= Ilyas Burney =

Indian economist

Professor Muhammad Ilyas (Elias) Burney (1890–1958) was the first head of Department of Economics at Osmania University, Hyderabad, India. He published about 40 books in Urdu, Persian, Arabic and English. He wrote the first book about Economics in Urdu, for which Sir Muhammad Iqbal complimented him in 1917. His other books in economics included Ilm ul Maaeshat (Knowledge of Economics), Muqaddima e Maashiyat (Treatise of Economics / Translation) and Indian Economics.

Burney is particularly known for his monumental work on the Ahmadiyya religion. His Urdu book. Qadiani Muzhab (Ahmadiyya Faith), is considered a comprehensive study on the subject. It was also translated into Arabic as Adiyanatul al Qadianiah by Maulana Abdul Quddoos Nadvi. Among his other quoted books are Mishkat-us-Salawat, which is a collection of poetry in praise of the Islamic prophet Muhammad. He was also appointed by Muhammed Ali Jinnah to the Planning Committee of Pakistan. However, after the partition of India he decided to remain in India.

He was born at Khorja district Bulandshahr, Uttar Pradesh, British India on 19 April 1890. An award-winning student throughout, after his initial education at Khorja high school he went on to Aligarh Muslim College & University to finish his MA & LLB with distinction. At Aligarh he associated himself with Ziauddin Ahmed in the promotion of the university and also taught economics there to BA classes for two years. Character building of youth was his favourite theme. His acquaintances and friends liked their sons to be in his company. A keen athlete and sportsman himself since his younger days he encouraged youth to participate in sports activities. At Osmania he was the President of the Football Club.
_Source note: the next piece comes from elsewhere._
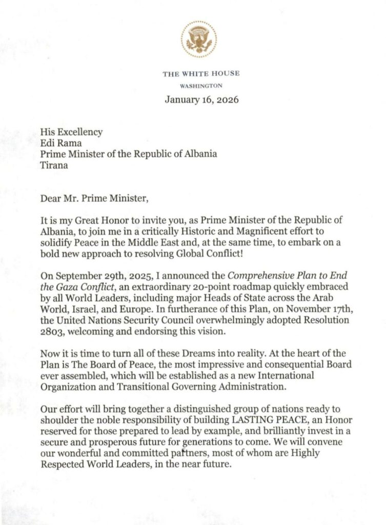 Presidenti i Shteteve të Bashkuara të Amerikës Donald Trump, i ka dërguar një ftesë personale kryeministrit të Shqipërisë Edi Rama, për t’u bërë pjesë e Bordit të Paqes të ngritur për rindërtimin e Gazës.

Nizam of Hyderabad entrusted to him the role of tutor to the royal princes Prince Mukarram Jah and his brother Muqaffamjah.

In 1917, the government of the Nizam urgently sought his services for the newly created Translation Bureau as a translator of economics (for translation from English and other languages into Urdu). From there he moved on to teach at Osmania University and in due course assumed the position of head of the economics department. As he continued to serve at Osmania University, some of the other positions he held there included Director of Translation Bureau, Director of Dairatul Maarif and Registrar of the University.

One his books called Urdu Hindi Rasmulkhat (Scripts) - a comparative study of Urdu and Hindi scripts Maulvi Abdul Haq commented that the book is a "great national service which must be commended". These also included Bertanwi Hukumat e Hind(Sociology), Hizbullah (Azkars), Asrare Haq (Maarifat), Mishkatus Salat (Arabic, Salat & Darood), Sirat ul Hameed, Tas-heel-ut-Tarteel (Tajweed), Islam (English), Maarooza (his own poetry) and selections from Urdu and Persian Naats & other poetry, Maarif-e-Millat (Urdu poetry), Manazir-e-Qudrat (Literature), Jazbat-e-Fitrat, Tohfa-e-Mohammadi and Jawahir-e-Sukhan (Persian). Mawlana Abdul Aleem Siddiqi in his discussion with George Bernard Shaw has mentioned that he presented Shaw with Professor Ilyas Burney's book Islam.

Burney twice went on pilgrimage to Haramain shareef and wrote the account of his travels in his travelogue Sirath-ul-Hameed. On the first occasion he also visited Iraq, Syria and Palestine and was accompanied on the trip by Bahr-Ul-Uloom Maulana Moulvi Muhammad Abdul Qadeer Siddiqi Qadri.

He died at Bulandshahr on 25 January 1958 when he returned there from Hyderabad after a gap of many years to visit his ailing brother and sister.